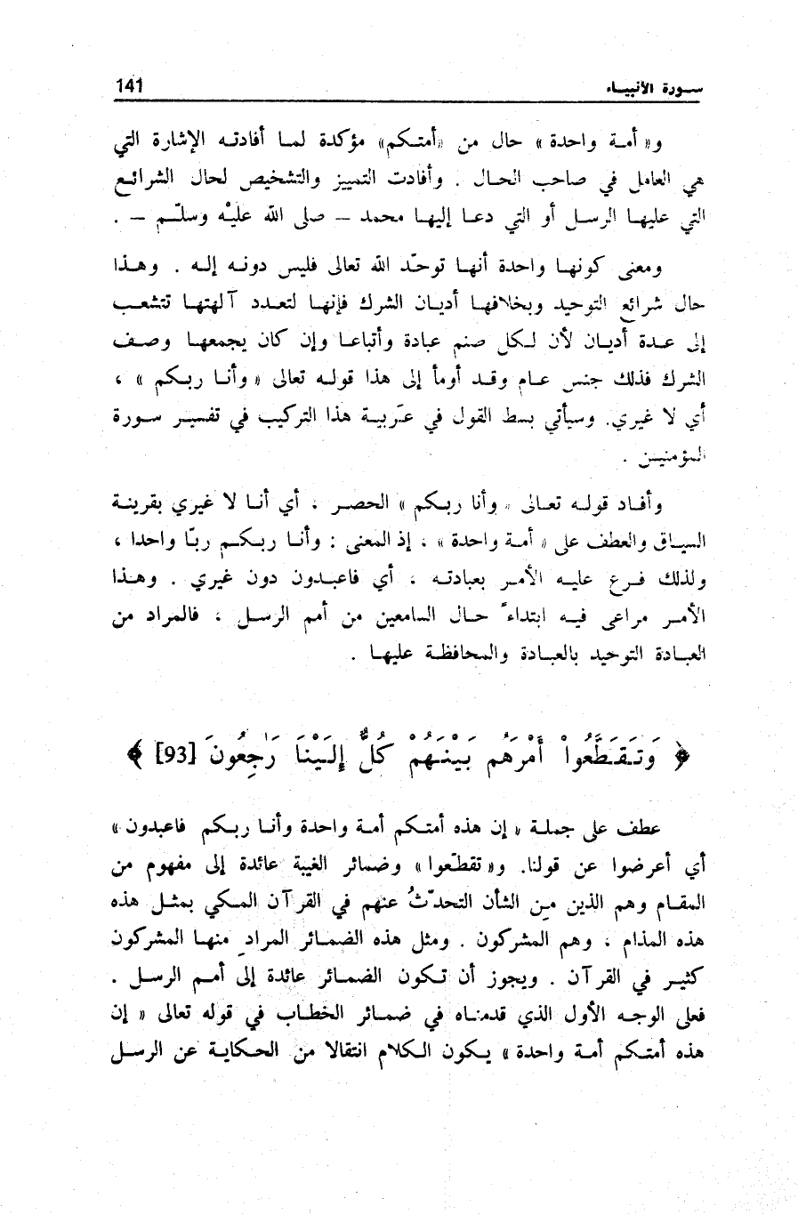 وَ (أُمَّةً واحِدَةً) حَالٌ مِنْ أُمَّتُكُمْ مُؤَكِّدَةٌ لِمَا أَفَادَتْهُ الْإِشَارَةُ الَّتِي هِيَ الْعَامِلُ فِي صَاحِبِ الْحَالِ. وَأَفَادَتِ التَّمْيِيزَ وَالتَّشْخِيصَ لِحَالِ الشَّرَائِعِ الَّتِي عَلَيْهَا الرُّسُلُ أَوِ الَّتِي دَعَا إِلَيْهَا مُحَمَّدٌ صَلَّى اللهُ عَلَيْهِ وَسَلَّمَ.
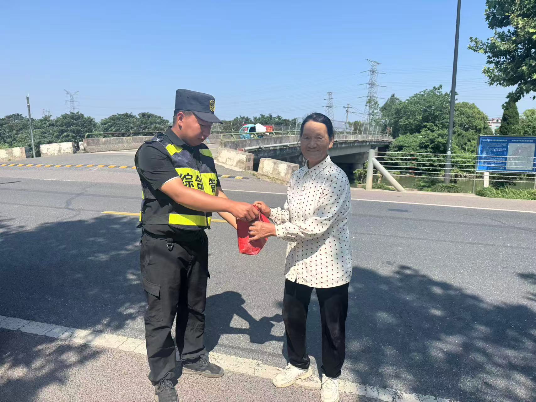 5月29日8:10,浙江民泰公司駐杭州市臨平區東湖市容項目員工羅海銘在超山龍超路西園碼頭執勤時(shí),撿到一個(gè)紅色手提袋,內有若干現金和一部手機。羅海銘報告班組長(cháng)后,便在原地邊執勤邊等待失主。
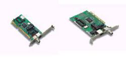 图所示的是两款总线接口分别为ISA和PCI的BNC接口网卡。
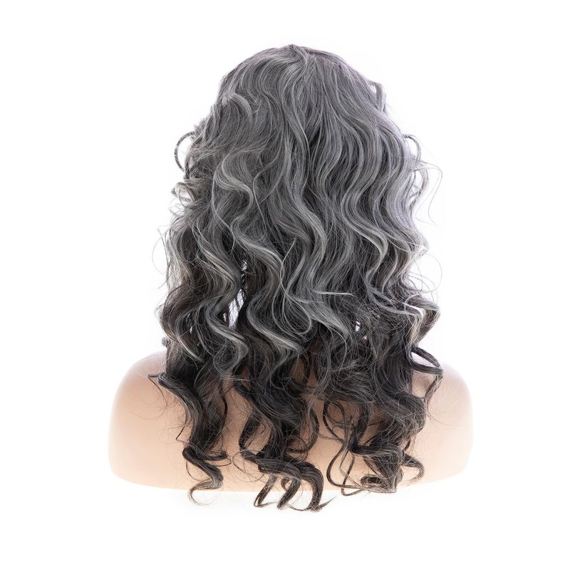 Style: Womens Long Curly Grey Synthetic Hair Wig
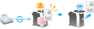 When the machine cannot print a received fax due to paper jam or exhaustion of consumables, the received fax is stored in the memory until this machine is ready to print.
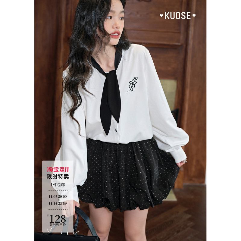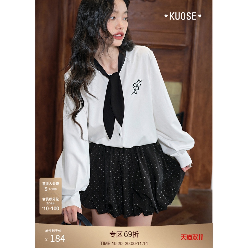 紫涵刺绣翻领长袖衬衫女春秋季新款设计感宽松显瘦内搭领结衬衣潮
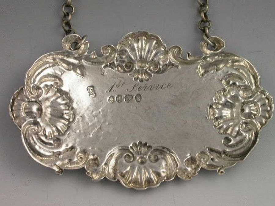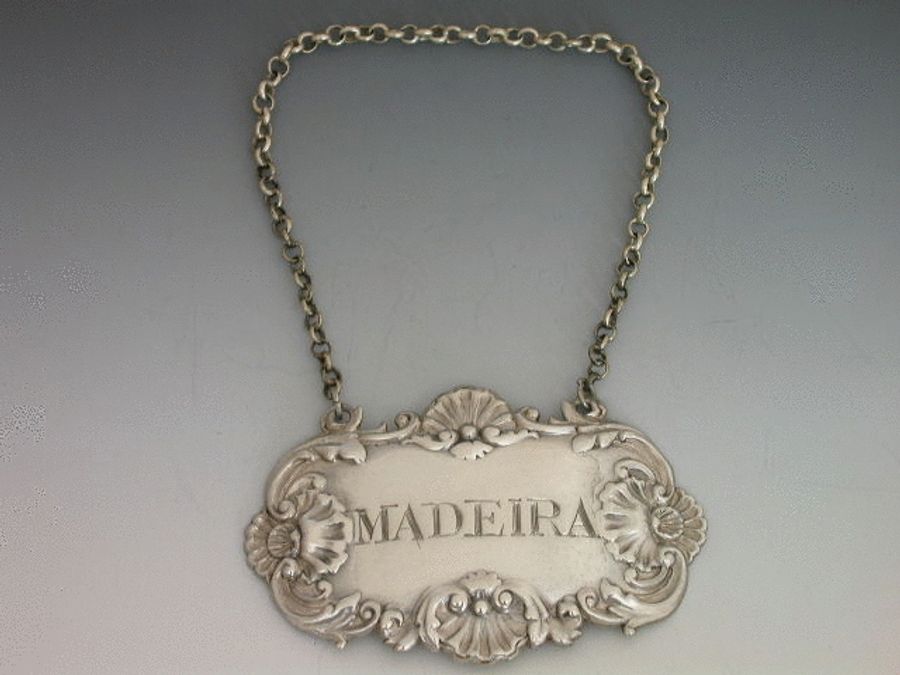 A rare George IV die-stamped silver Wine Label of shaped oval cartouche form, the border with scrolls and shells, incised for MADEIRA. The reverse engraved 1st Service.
--------
(Task): Set down the records again verbatim, with no pictures.

(Reply to the exercise):
 وَ (أُمَّةً واحِدَةً) حَالٌ مِنْ أُمَّتُكُمْ مُؤَكِّدَةٌ لِمَا أَفَادَتْهُ الْإِشَارَةُ الَّتِي هِيَ الْعَامِلُ فِي صَاحِبِ الْحَالِ. وَأَفَادَتِ التَّمْيِيزَ وَالتَّشْخِيصَ لِحَالِ الشَّرَائِعِ الَّتِي عَلَيْهَا الرُّسُلُ أَوِ الَّتِي دَعَا إِلَيْهَا مُحَمَّدٌ صَلَّى اللهُ عَلَيْهِ وَسَلَّمَ.
 5月29日8:10,浙江民泰公司駐杭州市臨平區東湖市容項目員工羅海銘在超山龍超路西園碼頭執勤時(shí),撿到一個(gè)紅色手提袋,內有若干現金和一部手機。羅海銘報告班組長(cháng)后,便在原地邊執勤邊等待失主。
 图所示的是两款总线接口分别为ISA和PCI的BNC接口网卡。
 Style: Womens Long Curly Grey Synthetic Hair Wig
 When the machine cannot print a received fax due to paper jam or exhaustion of consumables, the received fax is stored in the memory until this machine is ready to print.
 紫涵刺绣翻领长袖衬衫女春秋季新款设计感宽松显瘦内搭领结衬衣潮
 A rare George IV die-stamped silver Wine Label of shaped oval cartouche form, the border with scrolls and shells, incised for MADEIRA. The reverse engraved 1st Service.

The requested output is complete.